Marko Nikodijevic
cvetić, kućica…/la lugubre gondola – funeral music for orchestra after franz liszt [UK premiere]
Beethoven
Piano Concerto No.5 in E flat, Op.73 (Emperor)
Tchaikovsky
Symphony No.6 in B minor, Op.74 (Pathétique)
Leif Ove Andsnes (piano)
London Philharmonic Orchestra
Vladimir Jurowski
Reviewed by: Colin Anderson
Reviewed: 26 April, 2014
Venue: Southbank Centre, London – Royal Festival Hall
Put the ‘Emperor’ Concerto and the ‘Pathétique’ Symphony on the same programme and a full house is assured; allowing room for the London Philharmonic and Vladimir Jurowski to spice things up with a UK premiere, Marko Nikodijevic’s la lugubre gondola (all the lower-cases in the title belong to the Serbian composer born in 1980). Written for chamber ensemble in 2006 (and dedicated to a five-year-old Kosovo-Serbian girl who died in terrible circumstances), its present full-orchestra form dates from three years later and in which Liszt’s La lugubre gondola I is examined both as music and how it is written for the piano. Nikodijevic’s re-creation is intriguing, the music opening with solo violas and clarinet and introducing a marimba, numerous gongs, harp, muted trombones and a pianino, here amplified and capable of masquerading as a harpsichord and also providing deep bell tones. An eerie and desolate landscape is created, suggestive and mystical, lost in time. Nikodijevic’s score is also a study in sonority. Fascinating though it started out, and despite a well-prepared performance, this open-ended piece didn’t quite sustain its 13 minutes.
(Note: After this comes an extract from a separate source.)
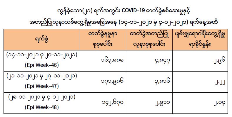 • ကျန်းမာရေးဝန်ကြီးဌာနအနေဖြင့် ကိုဗစ်-၁၉ ရောဂါကူးစက်ဖြစ်ပွားမှု အခြေအနေများအား ကူးစက်ရောဂါစောင့်ကြပ်ကြည့်ရှုရေး ရက်သတ္တပတ်အလိုက် ဓာတ်ခွဲနမူနာရယူစစ်ဆေးမှု၊ ဓာတ်ခွဲအတည်ပြုလူနာ တွေ့ရှိရမှုနှင့် ရောဂါပိုးတွေ့ရှိမှုနှုန်း အခြေအနေများအား စောင့်ကြပ် ကြည့်ရှုလျက်ရှိရာ အပတ်စဉ် (၄၆)၊ အပတ်စဉ် (၄၇) နှင့် အပတ်စဉ် (၄၈) တို့ကို နှိုင်းယှဉ်ချက် အရ ဓာတ်ခွဲအတည်ပြုလူနာတွေ့ရှိမှုနှင့် ပျမ်းမျှရောဂါပိုးတွေ့ရှိမှုနှုန်းများမှာ အပတ်စဉ်အလိုက် လျော့နည်း ကျဆင်းလျက်ရှိကြောင်း တွေ့ရှိရပါသည်။

With the Beethoven, Leif Ove Andsnes was suitably regal in his opening flourishes, the LPO equally imperious with authentic (smaller) timpani, crisply reacting to Simon Carrington hard-stick touch, and ‘period’ trumpets, less piercing than their modern counterparts. Put simply, this was a terrific performance, vital and fresh, Andsnes’s effortless technique always crystal-clearly serving the music’s brilliance, lyricism and egalitarian spirit, with the LPO and Jurowski vibrant, bespoke accompanists. (Andsnes has been directing his own Beethoven Journey, on Sony Classical.)
A dynamic first movement, with some magical drops of volume, was followed by a sublime Adagio, given with starlit seduction, and then a finale that danced with joy and had its own sense of irresistible swing, and a few teases along the way – were the horns simply too early at one point or had Jurowski been doing some tinkering? Whatever, this was a notably ink-still-wet account; we were asked to listen anew. Had a bust of Beethoven been present, and the composer’s faculties restored, then a beaming smile of pleasure would surely have crossed its contours, for this was not only a very enjoyable traversal but something rather more, an ‘Emperor’ emeritus.
Andsnes returned with folios of manuscript, and his spectacles, and played Liszt’s La lugubre gondola I (there’s a II), as originally written, in Venice, and which turned out to be a premonition of Wagner’s watery funeral as well as being musically visionary; Andsnes was persuasive that Liszt, in just four minutes, had said everything.
As for the Beethoven, a similar sense of rejuvenation informed the Tchaikovsky, a Symphony that Jurowski has regularly programmed during his time as LPO music director. At the opening the (left-positioned) double basses glided in almost imperceptibly, ghost-like, and Ben Hudson offered an eloquently lamenting bassoon solo. Jurowski’s success with the first movement was his integrity across its whole, given with musical articulacy but with no lack of drama and sear when really required. Unfortunately, some in the audience started to clap at the movement’s close, cueing a gesture from Jurowski that could be interpreted as saying: “Why? Don’t be so insensitive.”
There was no applause after the waltz second movement, elegance and melancholy rolled into one, but there was after the march of the third – built to inevitability with some superfine detailing along the way (antiphonal violins helping). 24 hours earlier, at this venue, Jurowski had conducted this very Symphony, addressing the audience and requesting no applause at this point, which was honoured. He should have asked again, for this damn-fool ‘tradition’ interrupted what can be a chilling experience, from jubilation to desperation in the turn of a page, but was here lost to vacuous clapping. Jurowski carried into the slow finale regardless, resigned but unsentimental, noble in its leave-taking and very moving as the double basses faded to somewhere beyond.
If the ‘Pathétique’ was not the most celebratory way for the LPO to end its 2013-14 Season, one came away elated by the superb playing and Jurowski’s beautifully proportioned and thought-through conducting that, without whimsy, shone new illumination on so-familiar music.